Both Reclast and Prolia are effective for osteoporosis, but which one is better depends on the individual. Doctors consider factors like age, medical history, and potential side effects to determine the best treatment. Consult your doctor or healthcare provider to determine which option is right for you.
Can I use Reclast or Prolia while pregnant?
No, you should not use Reclast or Prolia if you’re pregnant. Both medications can harm an unborn baby. If you’re planning to become pregnant or are already pregnant, talk to your doctor or healthcare provider about other treatment options.
Can I use Reclast or Prolia with alcohol?
It’s best to avoid alcohol when using Reclast or Prolia.

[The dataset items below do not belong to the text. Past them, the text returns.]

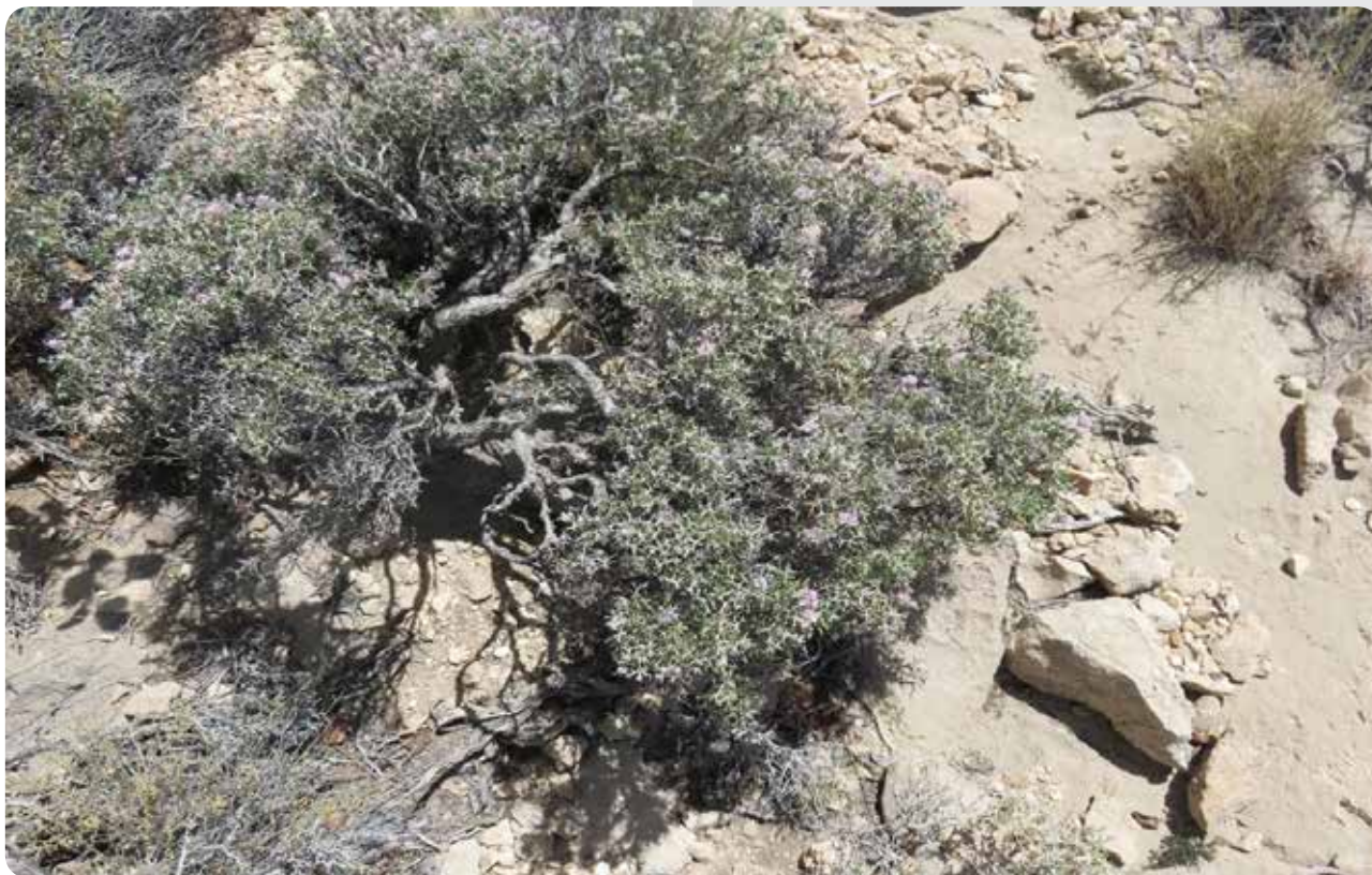
شکل ۸- رویشگاه گونه Pterocephalus wendelboi در منطقه بستک
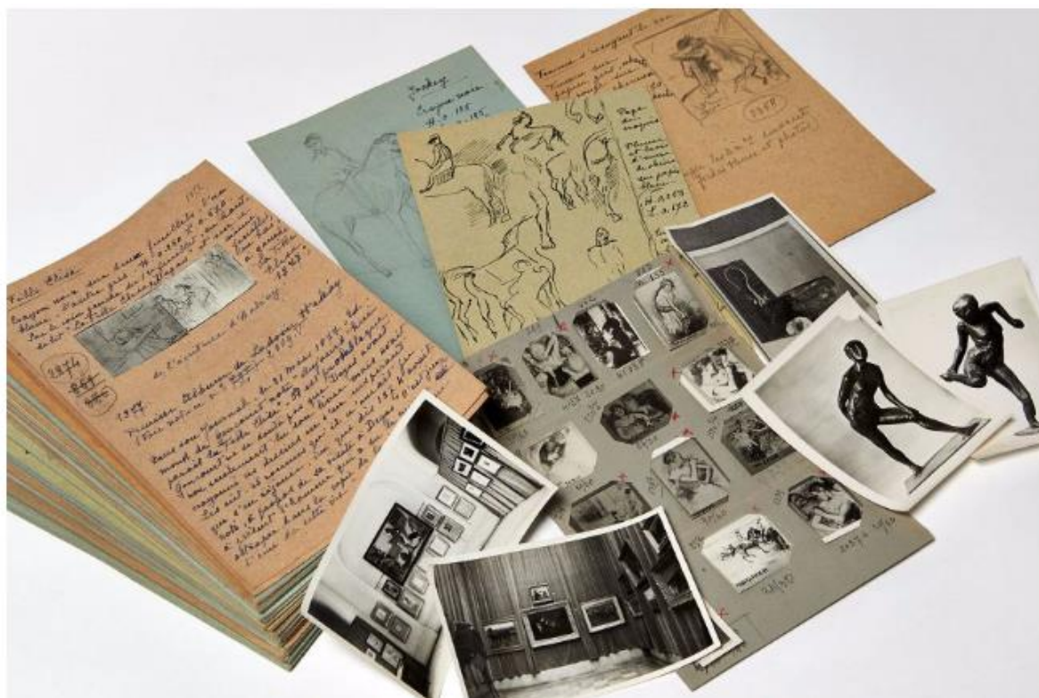
Edgar Degas, Ensemble inédit de documentation rassemblée par Paul-André Lemoine sur l'œuvre dessinée d'Edgar Degas pour la période 1860 – 1890 (estimation : 6 000 – 8 000 € / 6 500 – 8 700 $)

Paris - La vente de livres et manuscrits modernes du 22 juin prochain comprendra plus de 200 lots qui seront dispersés sous le marteau de François Tajan.
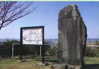
▲ 本丸跡にある石碑と解説板

鹿島城(吉岡城)跡は鹿島神宮の西側、鹿島神宮駅にほど近い大地に跡地が存在する。城は常陸大掾氏の碑一族、鹿島三朗成幹の子、政幹がこの地に移り住み吉岡城を築城したことに始まり、鎌倉時代初期約八〇〇年前から、室町時代の約四〇〇年間、鹿島氏の居城であった。かつて鹿島城の縄張りには、現在の鹿島神宮二の鳥居のあたりまであったとされる。その後、天正十九年(一五九一年)に佐竹氏に虐殺され「南方三十三館の謀殺」後、兵を向けられ落城する。

Alcohol can weaken the bones and increase the risk of side effects. If you have concerns about alcohol use and your treatment, speak with your doctor or healthcare provider.
What is better than Prolia for osteoporosis?
The best treatment for osteoporosis depends on the person, the underlying condition, and other factors. Alternatives to Prolia generally include bisphosphonates, such as Reclast, Actonel, and Fosamax. Bisphosphonates are typically available as generic drugs that may be cheaper than brand-name medications. Consult your doctor or healthcare provider to find the best treatment for your situation.